### Work request
Retype the data below exactly, skipping pictures.

Stored data entries:
########################################
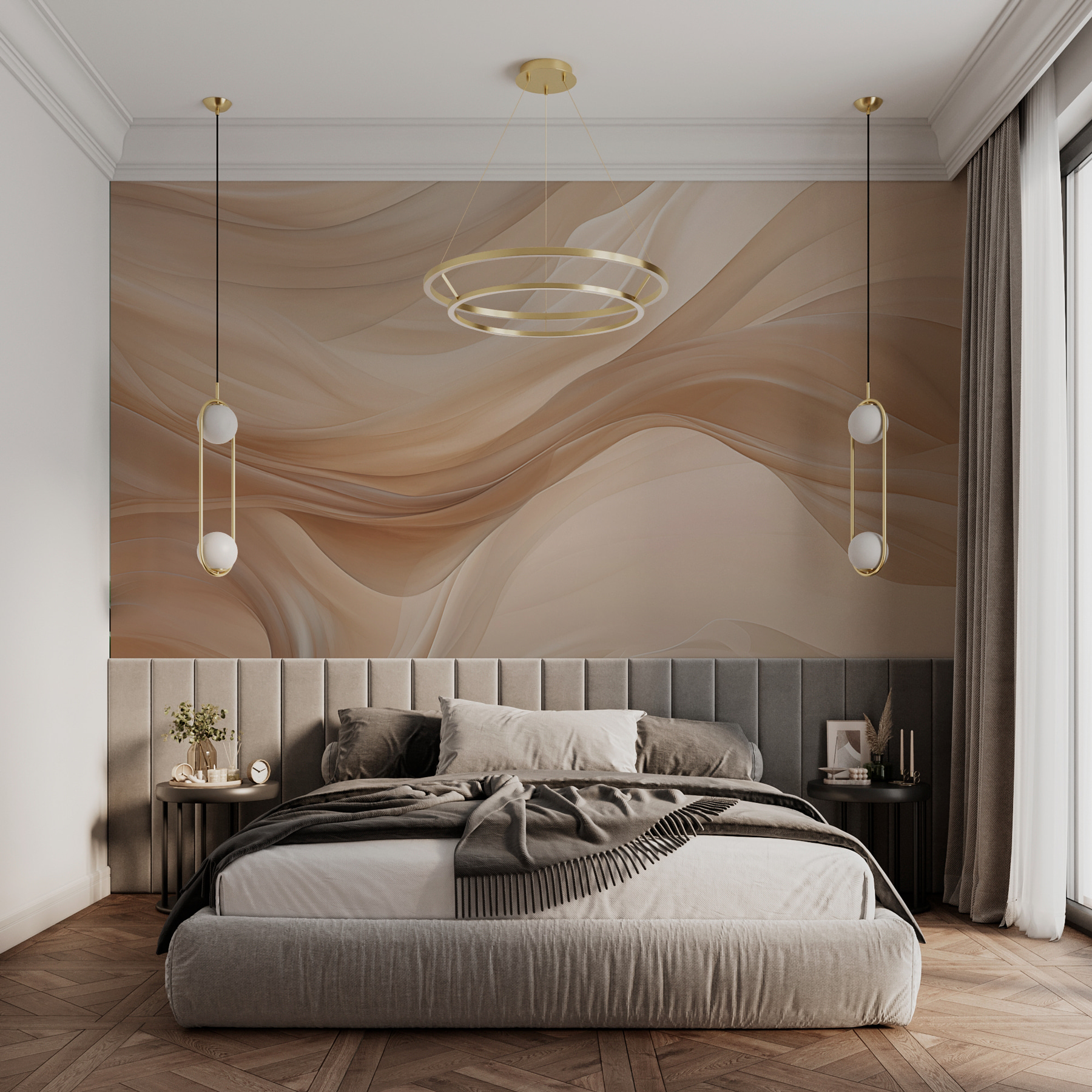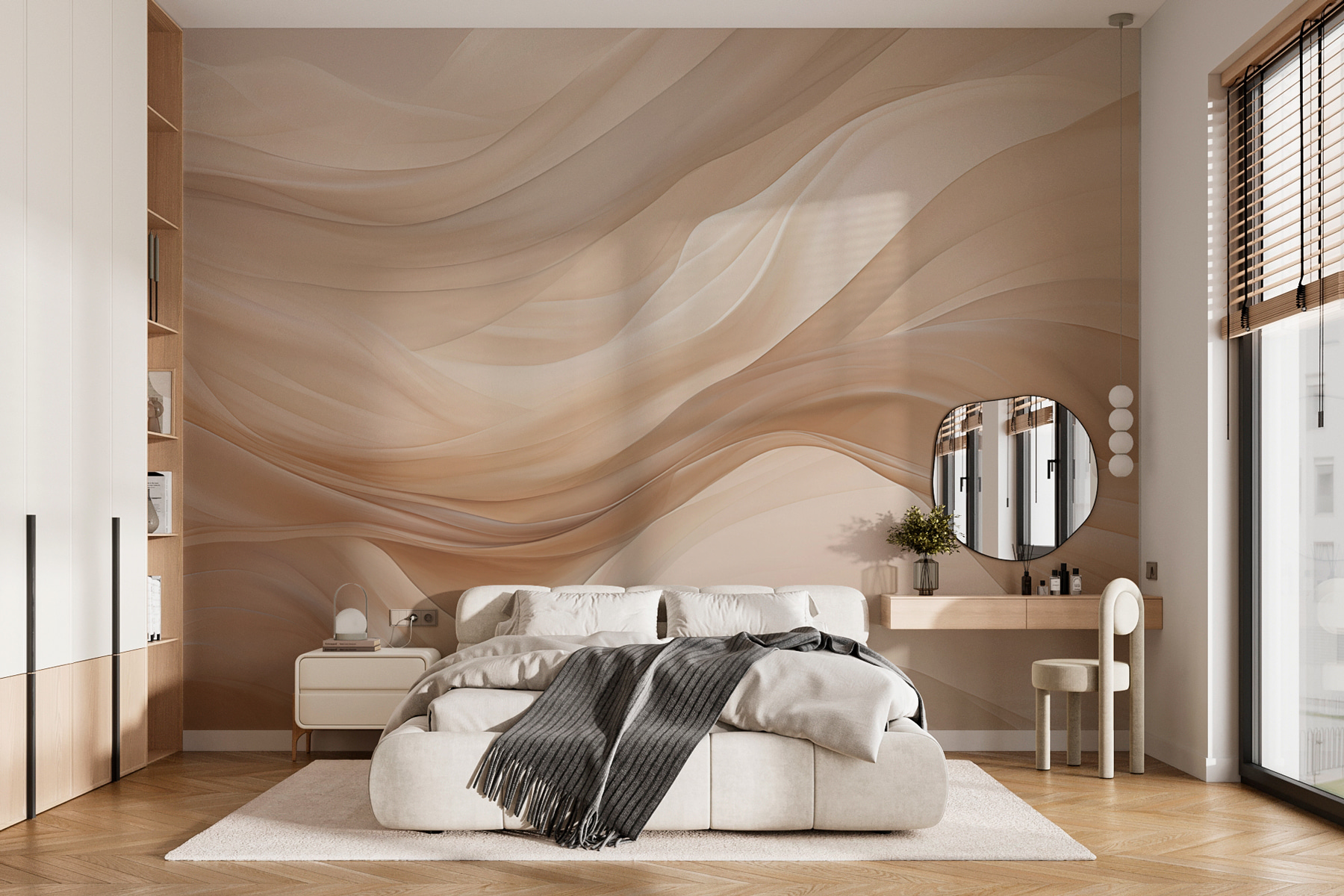 Imagínese entrar en una habitación que parezca un abrazo acogedor. El mural “Creamy Waves of Silky Texture” lo consigue. Patrones suaves y fluidos en tonos cálidos crean un ambiente relajante, haciendo que cualquier espacio se sienta abierto y aireado – piense en vibraciones playeras sin arena. Es perfecto para un salón o un despacho sereno. Imagínate acurrucado con un libro, con los suaves remolinos a tu alrededor que te hacen sentir que el tiempo se ralentiza. Sus amigos le preguntarán de dónde lo ha sacado: es el tipo de mueble que da que hablar. Una divertida mezcla de arte y estilo, este mural añade un carácter único que resalta la personalidad de su espacio.
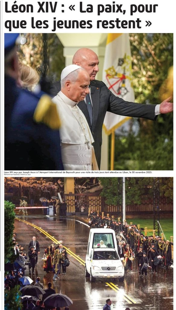 Sitôt la fervente cérémonie protocolaire achevée, le long convoi s’élance pour rejoindre le palais présidentiel de Baabda. Sur la route, de grandes affiches du Pape ont été accrochées. En traversant la banlieue sud de Beyrouth, l’effigie de l’homme en blanc côtoie les grands portraits de Hassan Nasrallah, l’emblématique figure du Hezbollah, tué par une frappe israélienne en septembre 2024. L’organisation chiite qu’Israël entend détruire a souhaité la bienvenue au Pape. Samedi, elle déclarait dans une lettre compter sur son soutien pour rejeter « l’injustice et les attaques » israéliennes. Sur le parcours, des jeunes scouts affiliés au Hezbollah jouent d’ailleurs du tambour, rapporte le quotidien L’Orient Le Jour.
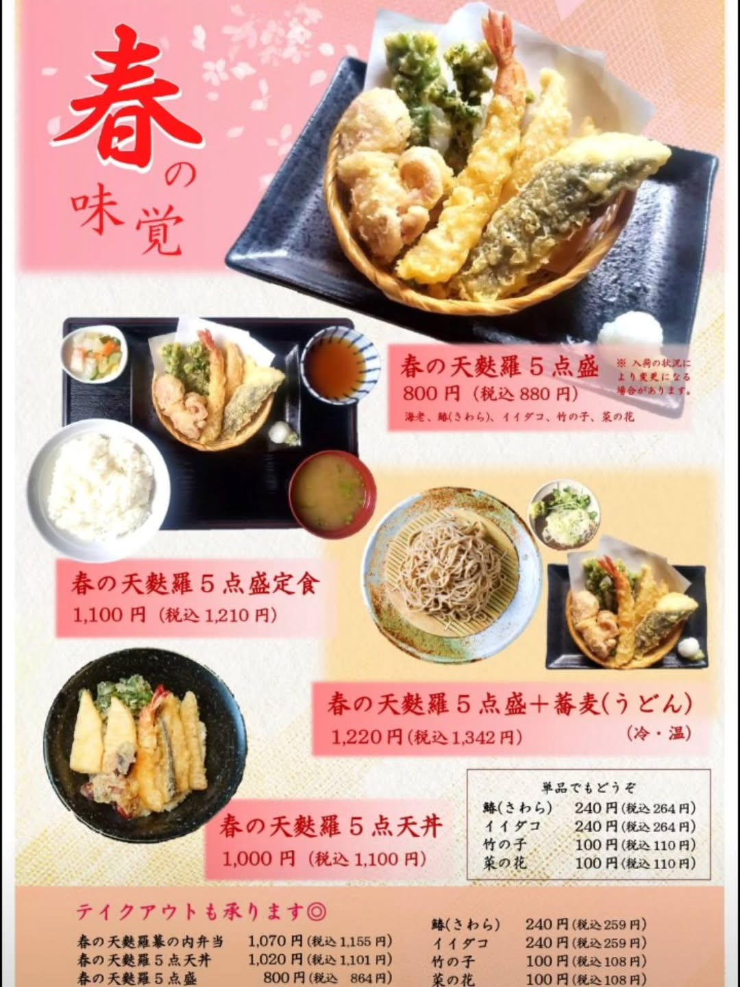 江戸前天麩羅 天堂です! 春の味覚メニュー 鰆(さわら)、いいだこ、タケノコ、菜の花 季節を感じる天麩羅をご賞味ください! #町屋グルメ #町屋居酒屋 #町屋レストラン#町屋ランチ#町屋ディナー
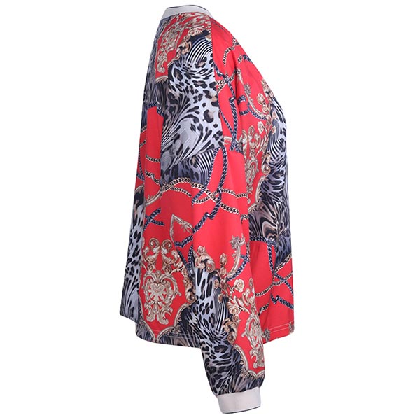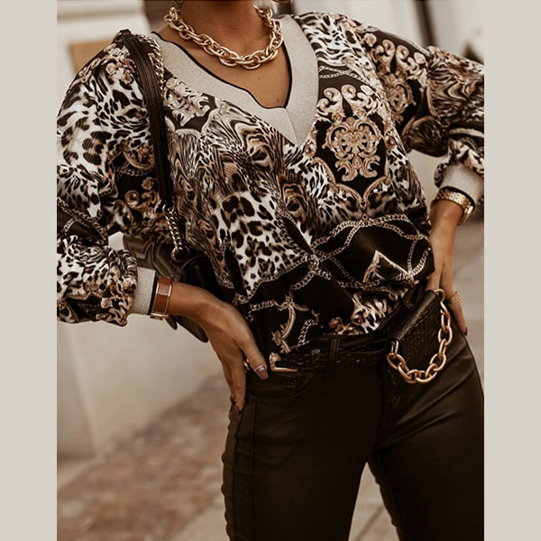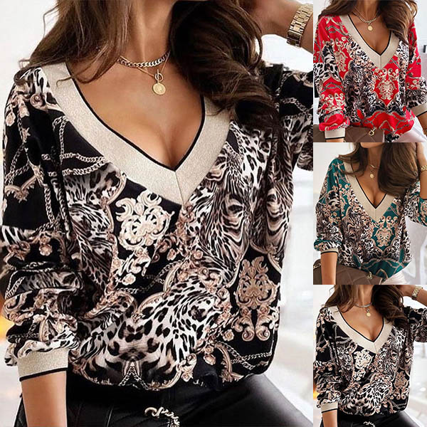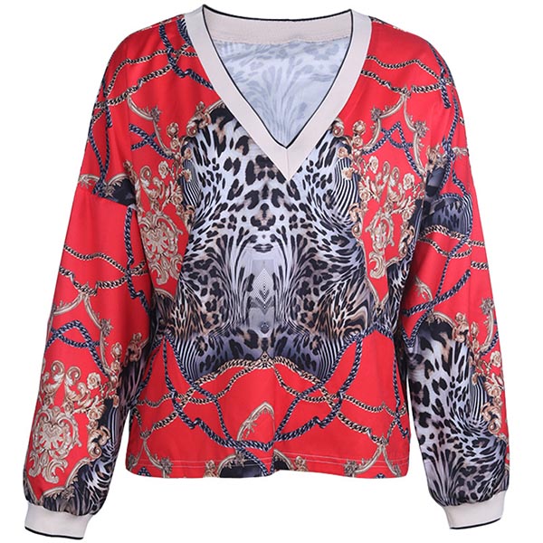 As for a laid-back yet fashionable daily look,this t-shirt can be a perfect addition. Crafted from soft and breathable fabric,with long sleeve and v-neck design,this piece can ensure you a comfortable day. And its chic printed details can help you win more eyes. Like it? Then invite it to your wardrobe.
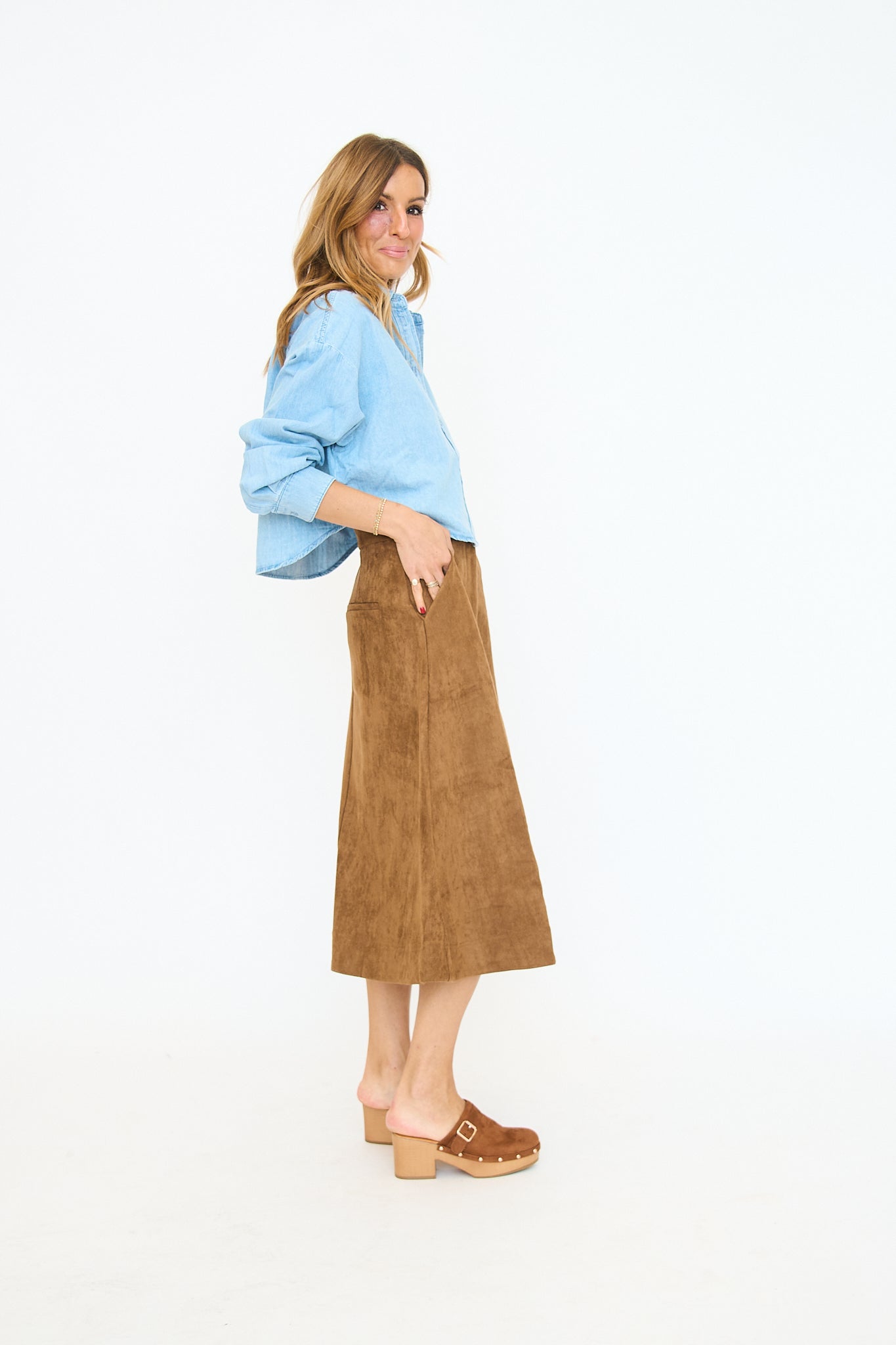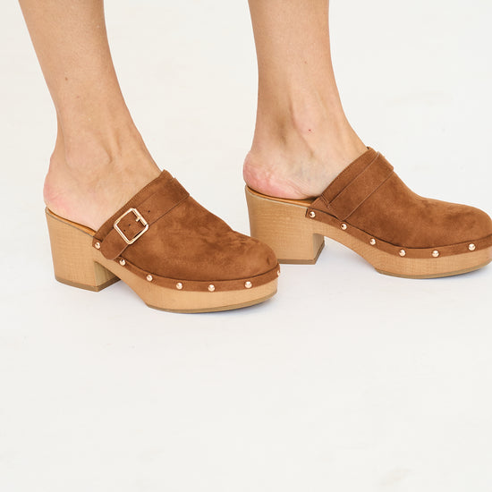 Suede heeled clog with buckle detail
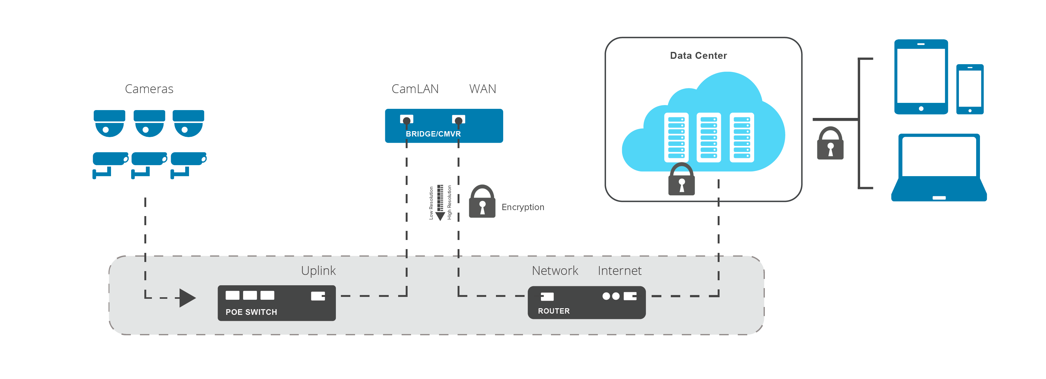 - Båndbreddekrav er min. 1 Mbit/s pr. kamera i upload hastighed (2 Mbit/s eller højere er anbefalet).
########################################
### Output of the exercise
 Imagínese entrar en una habitación que parezca un abrazo acogedor. El mural “Creamy Waves of Silky Texture” lo consigue. Patrones suaves y fluidos en tonos cálidos crean un ambiente relajante, haciendo que cualquier espacio se sienta abierto y aireado – piense en vibraciones playeras sin arena. Es perfecto para un salón o un despacho sereno. Imagínate acurrucado con un libro, con los suaves remolinos a tu alrededor que te hacen sentir que el tiempo se ralentiza. Sus amigos le preguntarán de dónde lo ha sacado: es el tipo de mueble que da que hablar. Una divertida mezcla de arte y estilo, este mural añade un carácter único que resalta la personalidad de su espacio.
 Sitôt la fervente cérémonie protocolaire achevée, le long convoi s’élance pour rejoindre le palais présidentiel de Baabda. Sur la route, de grandes affiches du Pape ont été accrochées. En traversant la banlieue sud de Beyrouth, l’effigie de l’homme en blanc côtoie les grands portraits de Hassan Nasrallah, l’emblématique figure du Hezbollah, tué par une frappe israélienne en septembre 2024. L’organisation chiite qu’Israël entend détruire a souhaité la bienvenue au Pape. Samedi, elle déclarait dans une lettre compter sur son soutien pour rejeter « l’injustice et les attaques » israéliennes. Sur le parcours, des jeunes scouts affiliés au Hezbollah jouent d’ailleurs du tambour, rapporte le quotidien L’Orient Le Jour.
 江戸前天麩羅 天堂です! 春の味覚メニュー 鰆(さわら)、いいだこ、タケノコ、菜の花 季節を感じる天麩羅をご賞味ください! #町屋グルメ #町屋居酒屋 #町屋レストラン#町屋ランチ#町屋ディナー
 As for a laid-back yet fashionable daily look,this t-shirt can be a perfect addition. Crafted from soft and breathable fabric,with long sleeve and v-neck design,this piece can ensure you a comfortable day. And its chic printed details can help you win more eyes. Like it? Then invite it to your wardrobe.
 Suede heeled clog with buckle detail
 - Båndbreddekrav er min. 1 Mbit/s pr. kamera i upload hastighed (2 Mbit/s eller højere er anbefalet).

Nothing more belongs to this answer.